Cassazione, SS.UU. civili, sentenza 07.02.2006 n° 2507

 La Suprema Corte a Sezioni Unite, nel caso in questione, è stata chiamata ad affrontare un delicato problema giuridico in tema di riparto di giurisdizione tra Giudice Amministrativo e Giudice Ordinario, nell’ipotesi in cui un’ infermiera abbia lamentato una lesione psico-fisica causata da un’aggressione da parte di una degente ricoverata in ospedale.

Tale danno alla persona, allora, è idoneo a radicare la giurisdizione ordinaria ovvero quella amministrativa?

Bisogna prendere in considerazione il tipo di danno, per cui il danno alla persona radicherebbe, ad esempio, la giurisdizione del G.O., oppure la natura giuridica della responsabilità sottesa all’evento lesivo?

Il problema, secondo la Suprema Corte a Sezioni Unite, andrebbe risolto (nel caso in cui il fatto sia avvenuto prima del 30 giugno 1998, perché dopo tale data si è avuta la transizione dal G.A. al G.O., presso il giudice del lavoro, in tema di pubblico impiego) verificando la natura giuridica dell’azione risarcitoria esperibile verso la Pubblica Amministrazione, in quanto se si ritiene di avere diritto ad una tutela risarcitoria di tipo contrattuale, allora, sarà competente il G.A., mentre se l’azione risarcitoria è di tipo extracontrattuale sarà competente il G.O.

Inoltre, il danno subito dal dipendente pubblico deve essere specificamente causato da un inadempimento della P.A. (sia pure nell’ambito della mancata predisposizione di tutti gli strumenti di sicurezza necessari) alla quale si è legati da un rapporto di pubblico impiego, e non dalla mera occasionalità di tale rapporto; id est affinché possa ritenersi competente il G.A., nel caso de quo, è necessario che sussista una responsabilità contrattuale della P.A. (sempre che il fatto si riferisca ad un periodo precedente al giugno 1998), nel senso che il rapporto di pubblico impiego deve porsi come causa del danno al ricorrente (dimostrando che in assenza del rapporto di pubblico impiego quel danno non si sarebbe verificato, secondo lo schema “classico” della causalità, basato sul brocardo ablata causa tollitur effectus), e non come mera occasionalità (altrimenti si verserà nell’ipotesi di illecito aquiliano con la consequenziale giurisdizione del G.O.).

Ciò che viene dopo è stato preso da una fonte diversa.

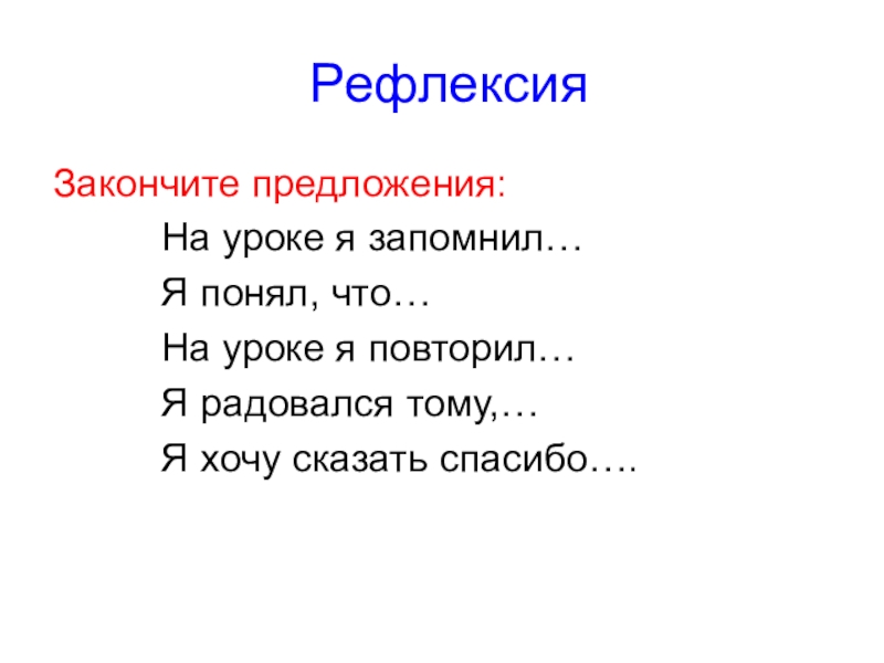 Рефлексия Закончите предложения:     На уроке я запомнил…     Я

Si tratta, pertanto, di individuare lo schema di responsabilità (contrattuale o extracontrattuale) che si è realizzato ai fini dell’individuazione del giudice competente, indipendentemente dalla tipologia di danno subito; fermo restando, comunque, che ai fini del riparto di giurisdizione non vale lo schema di responsabilità formalmente fatto valere, ma quello concretamente sotteso alla fattispecie presa in esame (petitum sostanziale), perché, diversamente, il ricorrente potrebbe liberamente scegliere il giudice competente vulnerando, in concreto, la relativa legge.

In questo senso si è espressa la Suprema Corte a Sezioni Unite con la pronuncia 2507/2006.

(Altalex, 11 aprile 2006. Nota di Luigi Viola)


SUPREMA CORTE DI CASSAZIONE
SEZIONI UNITE CIVILI
SENTENZA 07-02-2006, n. 2507

(Presidente Carbone – Relatore Canevari)

Svolgimento del processo

Con ricorso al Pretore di Nocera inferiore R. S. conveniva in giudizio la Gestione Liquidatoria della Usl n. 50 e la Regione Campania chiedendo il risarcimento dei danni patrimoniali, biologici e morali subiti nel 1991 a seguito di lesioni inferte da una degente dell’ospedale psichiatrico di Nocera presso cui prestava sevizio come infermiera; sosteneva la responsabilità dell’amministrazione imputando il sinistro a violazione delle norme poste a tutela dell’incolumità dei lavoratori, oltre che per negligenza ed imperizia dei dipendenti dell’ospedale.

Il Pretore adito declinava la propria giurisdizione ritenendo che la cognizione della controversia, nella quale era stata fatta valere la responsabilità contrattuale dell’amministrazione datrice di lavoro, nell’ambito del rapporto di pubblico impiego, fosse devoluta al giudice amministrativo.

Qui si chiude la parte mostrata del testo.